Baskıya terörsüz Türkiye maskesi mi?

İsrail, Suriye’de 11 üs kurmuş. Ankara’nın kurma niyetinde olduğu üsse İsrail ordusu yerleşmiş... Şimdi de Trump, Ahmet Şara ile Netanyahu’yu anlaşma yapmaları için Beyaz Saray’a çağırmış. Epey zamandır Şara-Netanyahu arasında gizli diplomasi iyi sonuçlar verdi ki Beyaz Saray’da anlaşma imzalayacaklar. BAE ise arabuluculuk yapmış. İsrail ile Arap ülkeleri arasında yapılan ancak Gazze’de soykırım nedeniyle askıya alınmış görünen İbrahim Anlaşmalarına Suriye de dahil edilecek ve anlaşma canlanacak.

Suriye’de işlerin Ankara’yı pek de memnun etmediği biliniyor.

Suriye’de egemen güç ABD ve İsrail. Yarın 20-30 arasında PKK’linin silah bırakmasına ilişkin tören yapılacak. TV’ler vb. eşliğinde sembolik bir gösteri seyredeceğiz. Peyderpey arkasının gelmesi ve tüm PKK silahlarının örgüt ile birlikte ortadan kalkması şüphesiz olumlu bir gelişmedir.

KURULUŞ REDDİYESİ KONUSU

Tabii ki bu tek taraflı olmuyor. Hapishanedeki PKK’lilerin bir şekilde adım adım serbest bırakılması için DEM-adalet bakanı arasında görüşmeler söz konusu. Daha önce de yazdığım gibi, PKK’nin Türkiye üzerinde iddiasının temelleri kalmamıştır. Ama PKK Suriye’de hedeflerine ulaşmıştır. Oradaki yapısının Şam’ın kontrolü altına alınması ve Türkiye için bir tehlike olmaktan çıkması durumunda, ilerisi için endişeli/ tedirgin bir iyimserlik havası estirecektir.

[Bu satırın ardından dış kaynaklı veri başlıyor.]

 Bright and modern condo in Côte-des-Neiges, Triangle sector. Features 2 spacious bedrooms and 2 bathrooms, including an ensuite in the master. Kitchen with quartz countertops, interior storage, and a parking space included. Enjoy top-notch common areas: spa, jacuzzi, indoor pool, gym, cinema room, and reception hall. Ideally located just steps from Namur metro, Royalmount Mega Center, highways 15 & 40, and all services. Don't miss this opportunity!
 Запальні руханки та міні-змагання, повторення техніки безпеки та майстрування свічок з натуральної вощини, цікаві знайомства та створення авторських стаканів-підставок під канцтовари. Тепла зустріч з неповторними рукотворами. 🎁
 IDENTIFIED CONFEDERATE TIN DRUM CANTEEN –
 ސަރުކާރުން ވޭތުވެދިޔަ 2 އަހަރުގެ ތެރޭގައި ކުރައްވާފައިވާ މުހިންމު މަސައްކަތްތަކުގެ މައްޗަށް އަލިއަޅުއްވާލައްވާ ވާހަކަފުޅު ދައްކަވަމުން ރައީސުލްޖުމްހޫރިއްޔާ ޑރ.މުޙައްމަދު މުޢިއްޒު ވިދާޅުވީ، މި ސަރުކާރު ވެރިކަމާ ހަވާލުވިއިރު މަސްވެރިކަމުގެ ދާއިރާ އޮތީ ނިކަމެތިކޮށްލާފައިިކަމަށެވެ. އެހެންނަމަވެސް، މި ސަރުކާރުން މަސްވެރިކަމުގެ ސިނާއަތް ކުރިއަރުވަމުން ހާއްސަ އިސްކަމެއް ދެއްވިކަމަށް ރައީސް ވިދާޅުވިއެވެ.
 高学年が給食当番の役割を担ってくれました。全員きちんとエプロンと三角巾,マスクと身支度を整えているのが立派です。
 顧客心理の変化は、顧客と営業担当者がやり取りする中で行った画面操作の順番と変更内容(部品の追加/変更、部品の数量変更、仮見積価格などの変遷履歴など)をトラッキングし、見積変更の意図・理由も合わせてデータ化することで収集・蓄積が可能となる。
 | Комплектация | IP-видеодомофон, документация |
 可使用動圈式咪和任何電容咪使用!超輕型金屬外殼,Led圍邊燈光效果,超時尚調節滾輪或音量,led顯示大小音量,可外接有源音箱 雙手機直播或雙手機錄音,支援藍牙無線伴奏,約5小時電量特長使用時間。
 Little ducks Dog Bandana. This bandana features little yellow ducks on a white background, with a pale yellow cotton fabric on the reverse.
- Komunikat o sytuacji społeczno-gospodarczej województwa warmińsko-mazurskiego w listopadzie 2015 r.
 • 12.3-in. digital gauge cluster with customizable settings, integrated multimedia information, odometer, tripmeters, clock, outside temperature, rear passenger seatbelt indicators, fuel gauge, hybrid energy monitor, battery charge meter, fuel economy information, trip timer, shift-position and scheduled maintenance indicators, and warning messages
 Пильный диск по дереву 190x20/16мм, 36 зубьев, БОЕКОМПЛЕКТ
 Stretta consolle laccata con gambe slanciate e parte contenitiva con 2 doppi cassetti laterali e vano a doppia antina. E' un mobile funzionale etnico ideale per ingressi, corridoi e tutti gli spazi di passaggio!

İmralı/Kandil ile iktidar arasında atılacak siyasi adımların nasıl ilerleyeceğini bekleyeceğiz. Örgüte nasıl hukuki teminatlar verilecek bilmiyoruz.

PKK’nin silah bırakma ve fesih kararını açıklarken Türkiye Cumhuriyeti’nin ilk kuruluşunu reddeden ve şimdi PKK/Kürt hareketi ile birlikte yeni bir kurucu iradeye işaret etmesi, çok tartışılacak ve Türkiye’nin öyle kabul edebileceği bir anlaşma olamaz. Bu özetle Atatürk’ün kurduğu Cumhuriyetin sıfırlanması anlamına gelmektedir.

Aslında AKP’nin anlayışına da uygun düşüyor böyle bir talep. Bu ayrı bir yazı konusu.

‘TÜRKLERİ RAHATLATMAK’

Konuda kalırsak Yetkin Report’ta birkaç gün önce yayımlanan bir değerlendirmede silah bırakma konusunda ABD’nin rolüne işaret edilirken şöyle deniyordu: “20-30 PKK’li dağdan inerek Süleymaniye’ye gelip, Öcalan’ın kararıyla silahlarını teslim ettiğini söyleyecek ve yürüyerek çıkıp gidecek!”

AP’ye konuşan “bir yetkili”ye göre “Türkleri rahatlatmak amacıyla bazı hafif silahların sembolik olarak imha edilmesi” işi yapılmış olacak. PKK ile iktidarın mutabakatını kim sağladıysa bundan sonra hükümete dönüp “Sıra sizde” diyecek. (Yani Ankara at bakalım karşı adımlarını!) Sistemin yeniden tanımlanacağı böyle bir anda, ülkenin kurucu partisi başını polis operasyonlarından kaldıramayacak halde, genel merkezi mahkemelik, Halk TV-Sözcü TV başta olmak üzere tabanının sesi olan medyası karartılmış...

SEÇ BEĞEN AL

Sözcü karartılmış, Halk TV üzerinde de karartma kılıcı tepesinde sallanıyor. Yazarlar içeri atılıyor.

Ana muhalefet yargı operasyonları ile dağıtılmak isteniyor.

Ve totaliter karakterli bir yönetime evrilmekte olan bir ülke; özgürlüklerin, anayasa ve yasaların keyfi uygulamalarının hüküm sürdüğü bir ülke.

AMA ‘TERÖRSÜZ TÜRKİYE!’

İktidarın “terörsüz Türkiye” girişimlerini bu baskı rejimini sürdürmek için kullanıyor, yorumunu yapanlar varsa haksız sayılmazlar.